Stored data
'''
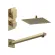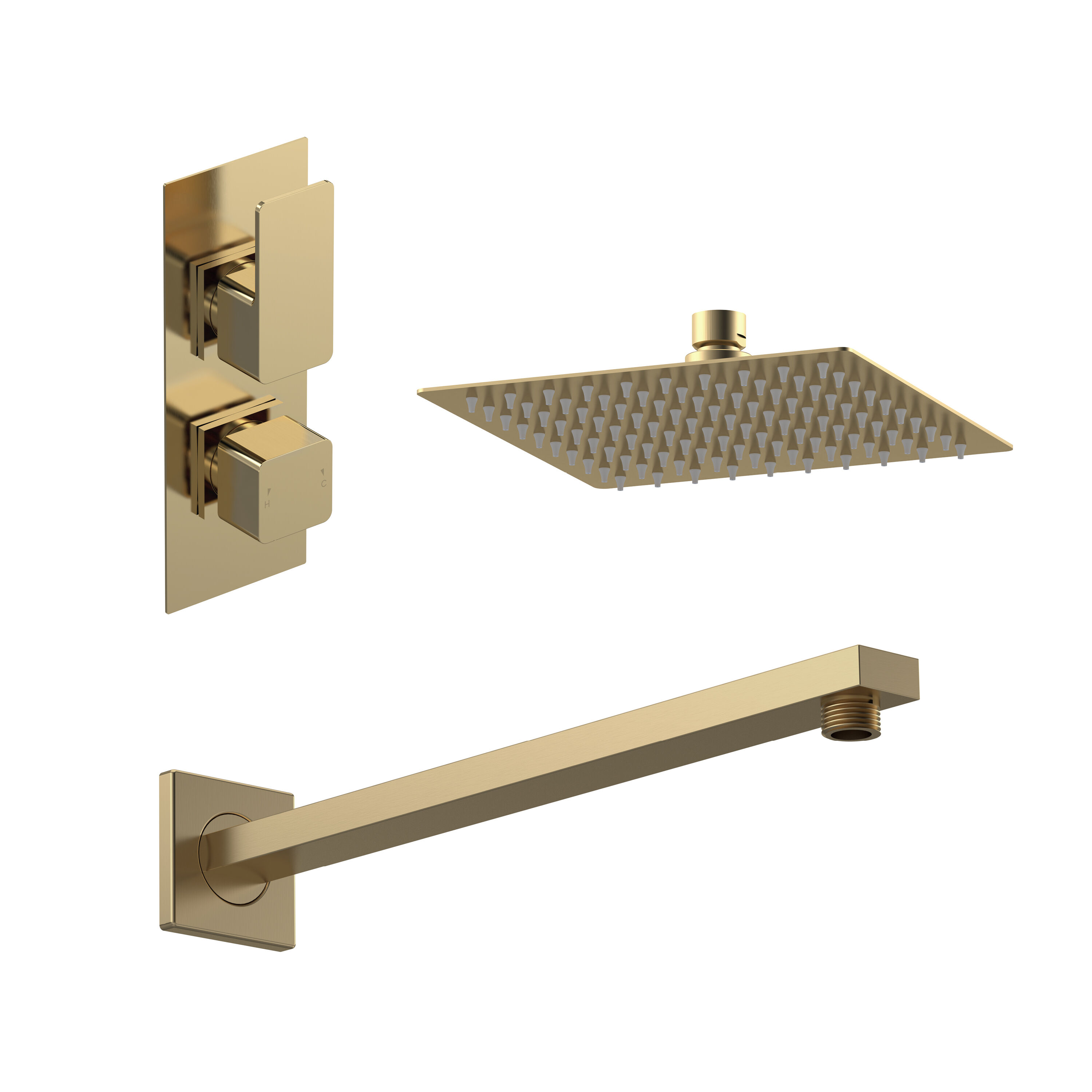 Nuie Windon Brushed Brass Twin Thermostatic Valve, Square Wall-Mounted Shower Arm and Fixed Head
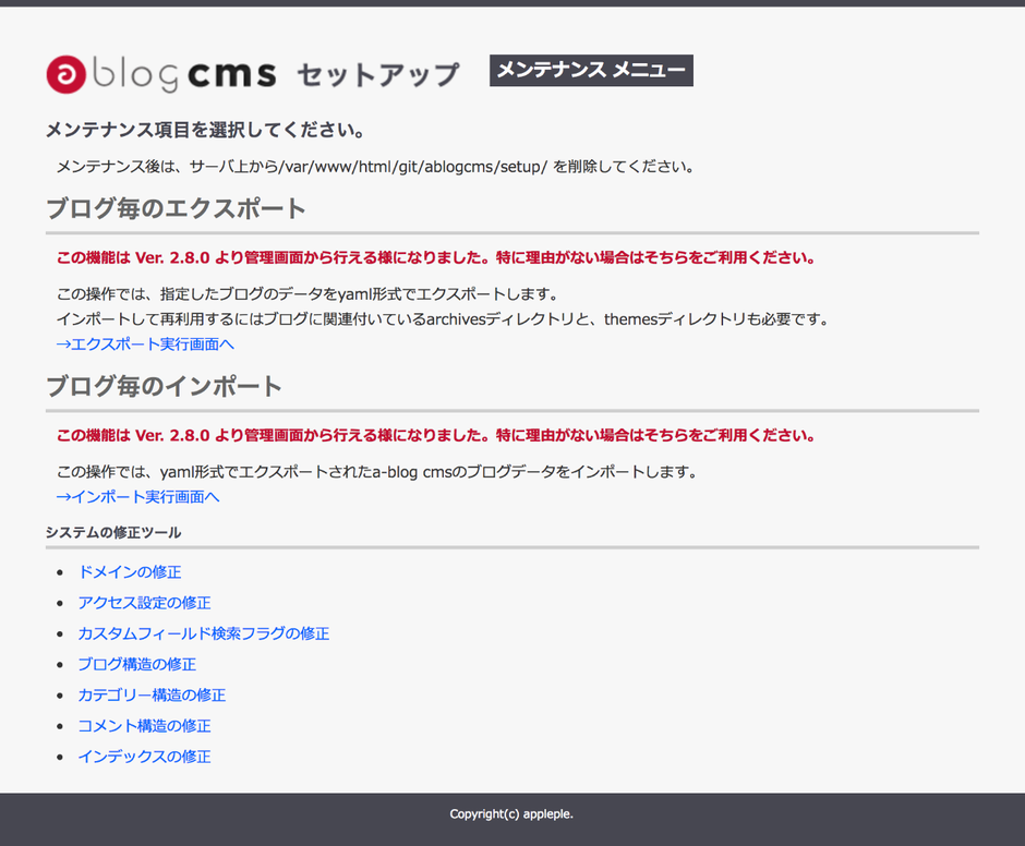 このドメイン修正機能は、メンテナンスプログラム(setup)に含まれています。setupは、インストール時にアップロードした同名のディレクトリと、その中のプログラムファイル群を指します。これらプログラムはインストール後も、システム全体に関わるメンテナンス機能に利用できます。
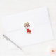 A whimsical hand-drawn illustration of a cheerful cartoon piglet peeking out from a festive red Christmas stocking. Featuring big sparkling eyes, rosy cheeks, and a bright yellow bow, this playful artwork is inspired by classic children’s book styles. The knitted stocking texture with fluffy white trim adds warmth and holiday charm.
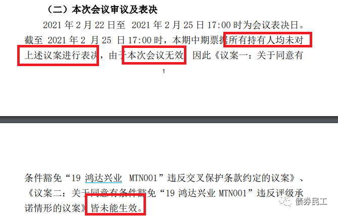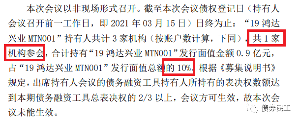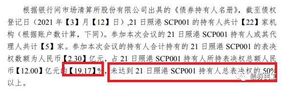 4、2021年3月16日,“”第一次持有人會議的持有人所持有的表決權數(shù)額未達到本期債務融資工具總表決權的三分之二以上,持有人會議無效。主承銷商在3月19日也公告,
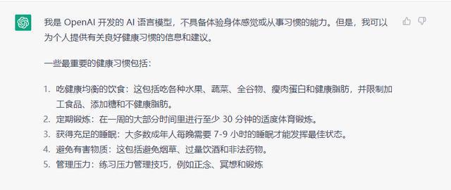ChatGPT給出了5條建議,分別是健康飲食、合理運動、充足睡眠、良好習慣、管理壓力來回答的,回答的中規中矩。
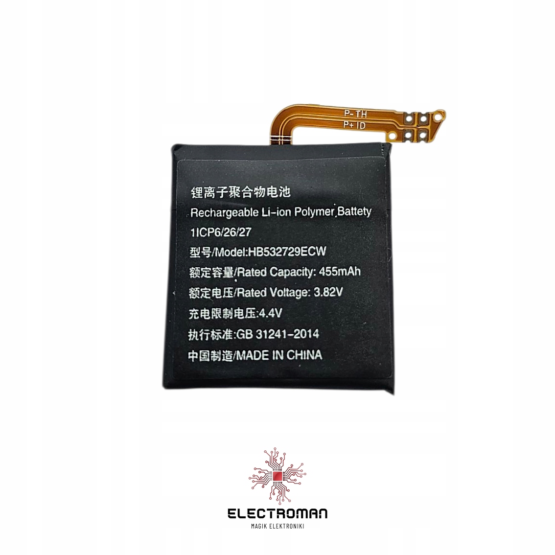 Bateria HB532729ECW – wysokiej jakości akumulator litowo-jonowy (Li-ion Polymer) do zegarków Huawei Watch GT 2 46 mm oraz Huawei Watch GT 2 Pro 46 mm (wersje z ogniwem HB532729ECW). Komponent klasy serwisowej (OEM) – idealny do wymiany zużytej baterii.
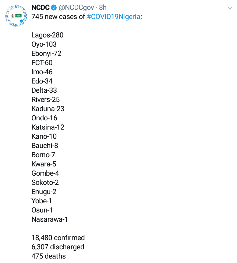 Nigeria on Thursday recorded her highest single-day cases of COVID-19 following Nigeria Centre for Disease Control’s confirmation of 745 new cases in 20 states and the Federal Capital Territory. That brings the total number of confirmed cases to 18,480.
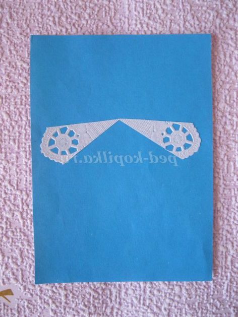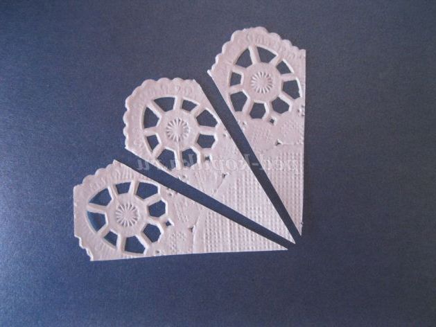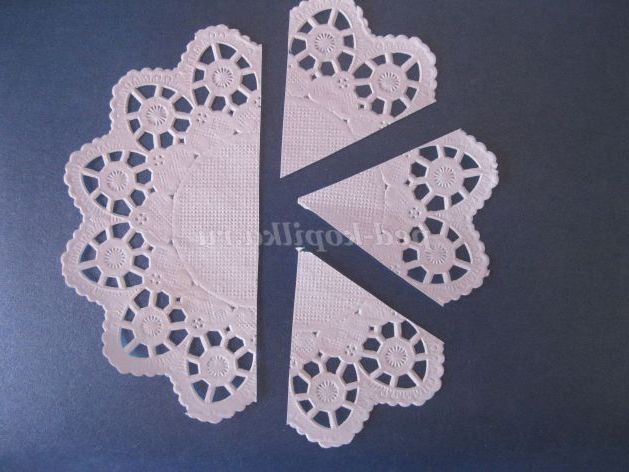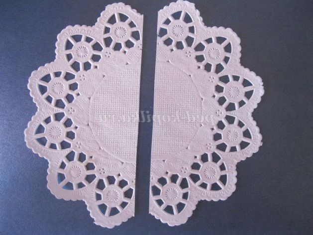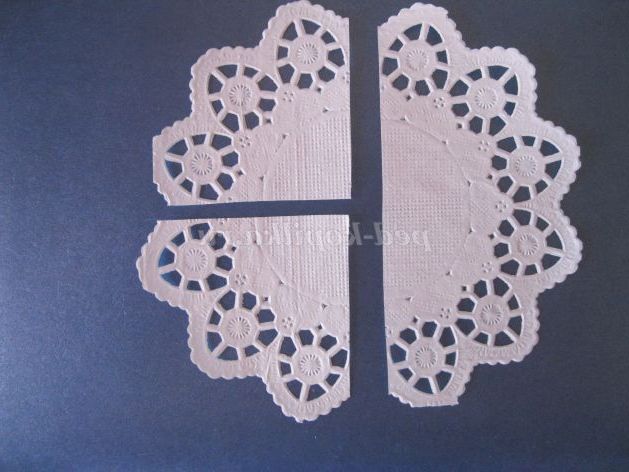 Ажурну паперову серветку розрізаємо навпіл, половинку на чверті.
'''
Repeat exactly the lines from the one containing "A whimsical hand-drawn" to the last line of the records above, including both, and leave out any pictures.

 A whimsical hand-drawn illustration of a cheerful cartoon piglet peeking out from a festive red Christmas stocking. Featuring big sparkling eyes, rosy cheeks, and a bright yellow bow, this playful artwork is inspired by classic children’s book styles. The knitted stocking texture with fluffy white trim adds warmth and holiday charm.
 4、2021年3月16日,“”第一次持有人會議的持有人所持有的表決權數(shù)額未達到本期債務融資工具總表決權的三分之二以上,持有人會議無效。主承銷商在3月19日也公告,
ChatGPT給出了5條建議,分別是健康飲食、合理運動、充足睡眠、良好習慣、管理壓力來回答的,回答的中規中矩。
 Bateria HB532729ECW – wysokiej jakości akumulator litowo-jonowy (Li-ion Polymer) do zegarków Huawei Watch GT 2 46 mm oraz Huawei Watch GT 2 Pro 46 mm (wersje z ogniwem HB532729ECW). Komponent klasy serwisowej (OEM) – idealny do wymiany zużytej baterii.
 Nigeria on Thursday recorded her highest single-day cases of COVID-19 following Nigeria Centre for Disease Control’s confirmation of 745 new cases in 20 states and the Federal Capital Territory. That brings the total number of confirmed cases to 18,480.
 Ажурну паперову серветку розрізаємо навпіл, половинку на чверті.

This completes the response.